Large-scale, high-severity wildfires are a major challenge to the future social-ecological sustainability of fire-adapted forest ecosystems in the American West. Managing forests to mitigate this risk is a collective action problem requiring landowners and stakeholders within multi-ownership landscapes to plan and implement coordinated restoration treatments. Our research question is: how can we promote collective action to reduce wildfire risk and restore fire-resilient forests in the American West? To address this question we draw on collective action theory to produce an environmental public good (fire-resilient forests), and empirical examples of collective action from six projects that are part of the US Forest Service–Natural Resources Conservation Service Joint Chiefs’ Landscape Restoration Partnership. Our findings are based on qualitative, semi-structured interviews conducted with 104 individuals who were purposively selected to represent the diverse stakeholders involved in these projects. Fostering collective action to restore fire-resilient forests entails getting as many landowners (especially large landowners) to participate in wildfire risk reduction as possible to increase its areal extent; and landowner coordination in planning and implementing strategically designed restoration treatments to optimize their effectiveness.

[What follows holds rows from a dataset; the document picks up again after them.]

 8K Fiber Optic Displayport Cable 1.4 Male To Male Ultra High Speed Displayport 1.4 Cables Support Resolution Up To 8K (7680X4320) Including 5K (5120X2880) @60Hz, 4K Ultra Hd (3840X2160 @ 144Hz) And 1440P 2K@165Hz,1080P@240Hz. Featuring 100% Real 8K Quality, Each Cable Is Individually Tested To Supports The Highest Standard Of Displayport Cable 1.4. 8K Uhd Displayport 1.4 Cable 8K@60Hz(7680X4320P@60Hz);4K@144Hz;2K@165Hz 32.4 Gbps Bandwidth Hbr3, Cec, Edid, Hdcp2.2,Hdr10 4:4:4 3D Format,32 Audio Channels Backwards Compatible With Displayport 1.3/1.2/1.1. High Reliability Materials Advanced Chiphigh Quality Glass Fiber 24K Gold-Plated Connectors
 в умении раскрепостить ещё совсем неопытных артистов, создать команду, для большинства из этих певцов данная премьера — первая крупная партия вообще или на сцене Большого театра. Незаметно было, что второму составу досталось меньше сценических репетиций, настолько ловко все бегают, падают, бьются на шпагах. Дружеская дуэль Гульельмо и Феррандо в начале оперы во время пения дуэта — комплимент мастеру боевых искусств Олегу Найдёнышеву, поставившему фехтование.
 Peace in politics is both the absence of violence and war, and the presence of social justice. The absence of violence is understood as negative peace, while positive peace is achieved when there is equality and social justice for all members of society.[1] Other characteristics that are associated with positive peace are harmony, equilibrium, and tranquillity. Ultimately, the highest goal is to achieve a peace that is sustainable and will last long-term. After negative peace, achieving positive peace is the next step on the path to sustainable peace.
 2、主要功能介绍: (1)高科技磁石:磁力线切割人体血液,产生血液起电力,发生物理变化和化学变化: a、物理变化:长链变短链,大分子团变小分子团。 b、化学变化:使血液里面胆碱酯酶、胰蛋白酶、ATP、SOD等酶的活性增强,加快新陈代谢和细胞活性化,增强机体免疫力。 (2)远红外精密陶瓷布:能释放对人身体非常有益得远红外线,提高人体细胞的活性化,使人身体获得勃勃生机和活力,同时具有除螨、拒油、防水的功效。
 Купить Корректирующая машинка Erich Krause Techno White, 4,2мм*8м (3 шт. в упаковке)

We identify factors that enabled and constrained landowner participation and coordination in the Joint Chiefs’ projects. Based on our findings and theory about when collective action will emerge, we specify a suite of practices to promote collective action for wildfire risk reduction across property boundaries, emphasizing incentives and enabling conditions. These include proactive education and outreach targeting landowners; multi-stakeholder processes with broad landowner representation to develop coordinated management approaches; financial and technical assistance to support fuels treatments on all ownerships within similar time frames; strong partnerships; and using common forestry professionals to plan and implement treatments on different ownerships (especially private lands). Our findings can inform cross-boundary management for landscape-scale conservation and restoration in other contexts.